Question

Approximate the real zeros to the nearest tenth -x^2+x+4

Answer 1

The zeros of the given expression at x = -1.6 and x = 2.6

Explanation:

Given: -x^2 + x + 4

To find the real zeros set the expression equal to zero and solve for x.

-x^2 + x + 4 = 0

This cannot be factored.

Let's use the quadratic formula and find the solutions.

Formula x =
`(-b +/-√(b^2 - 4ac) )/(2a)`

Here a = -1, b = 1 and c = 4 from the given expression.

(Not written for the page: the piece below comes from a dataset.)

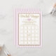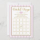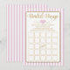 Cartes de bingo de douche nuptiale en rose et or. Une activité wedding shower amusante avec des rayures roses et blanches avec un accent de parties scintillant en or et du texte en or. Amusant et élégant, ce jeu de bingo de douche nuptiale demande aux invités d'écrire les articles qu'ils pensent que la future mariée recevra, la première personne à obtenir 5 dans une rangée crie "Bingo !"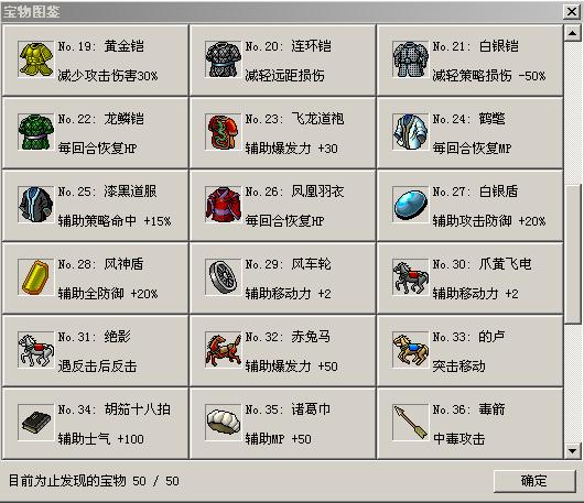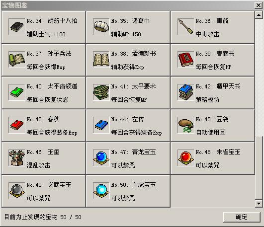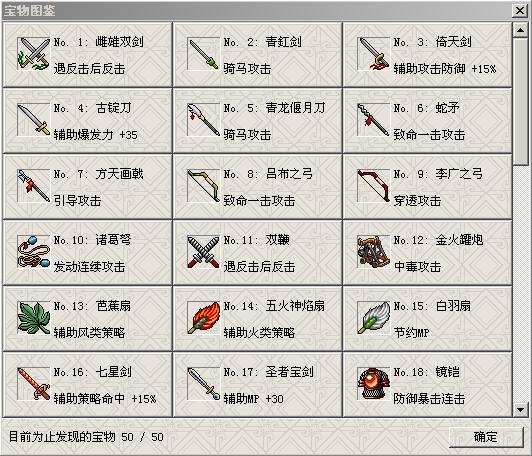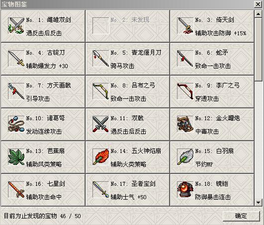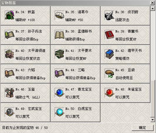 宝物图鉴见下图(缺的四件宝物是:青虹剑(攻击伤害+60%)、凤凰羽衣、两匹马)

Now let's plug in these values in the above formula, we get

x =
`(-1 +/- √(1^2 - 4*-1*4) )/(2*-1)`

x =
`(-1 +/- √(1 + 16) )/(-12)`

x = (-1 +/-
`√(17)`)/-2 [√17 = 4.1]

x = (-1 + 4.1)/ -2 and x = (-1 -4.1)/-2

x = 3.1/-2 and x = -5.1/-2

x = -1.55 and x = 2.55

When we round off to the nearest tenths place, we get

x = -1.6 and x = 2.6

Therefore, the zeros of the given expression at x = -1.6 and x = 2.6.

Hope this will helpful.

Thank you.